Work required:
When you transcribe the listing, keep each line exact and drop the pictures.

== The data

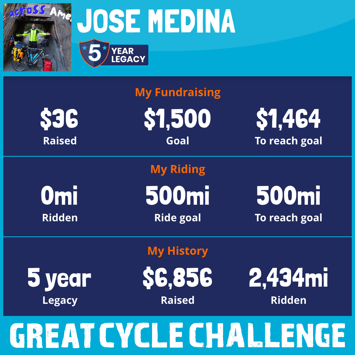 I am riding 4000 mi for Eddie, Aide, Alex, Luis, and 3 year old Rupi.. Please sponsor me and support my challenge to fight kids' cancer and save little lives.
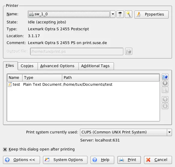 KDE application. In the KPrinter dialog, choose a printer and edit
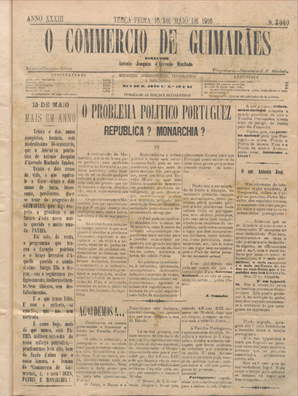 Comércio de Guimarães, nº 3040, de 16/05/1916

====

Response:
 I am riding 4000 mi for Eddie, Aide, Alex, Luis, and 3 year old Rupi.. Please sponsor me and support my challenge to fight kids' cancer and save little lives.
 KDE application. In the KPrinter dialog, choose a printer and edit
 Comércio de Guimarães, nº 3040, de 16/05/1916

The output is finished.